Перестреляны все: православные, иудеи...

Перепуталось всё, затянулся поход.

Я не помню себя в наступлении и отступлении.

Только штык под ребро, да ухмылку державшего штык.

Кто-то рявкнул "Ура!", кто-то кинулся прочь в исступлении,

Кто-то сжался в комок и с молитвой к землице приник.

С пулемётным огнём за тачанкой тачанка летела,

Погружались бойцы в полевой наркотический сон.

И звезда их горела, тальянка им пела,

Провожая на подвиг чумовой легион.

Неужели живой, неужели на что-то надеюсь?

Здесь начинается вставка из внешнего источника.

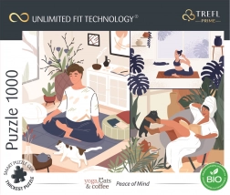 Odkryj relaks z puzzlami TREFL UFT Yoga, Cats & Coffee, które łączą domowy spokój z inteligentnym opracowaniem. Unikalna Unlimited Fit Technology pozwala łączyć motywy z tej samej serii i tworzyć własne kolaże bez ograniczeń.

Будь что будет, но нет, умирать никогда не хотел.

Затянулся поход. Увидимся. Честь имею.

...А над бледной землёй отрываются души от тел.

 

Берёзовый дым

 

Берёзовый дым поздно и никого.

Журавлиной земли голубые глаза.

Через слово – вопрос, через ноту – провал.

А внутри тишина, да пробитый кристалл.

 

Птицы Счастья нет, улетела к своим.

Что ей здесь? – самогон да берёзовый дым.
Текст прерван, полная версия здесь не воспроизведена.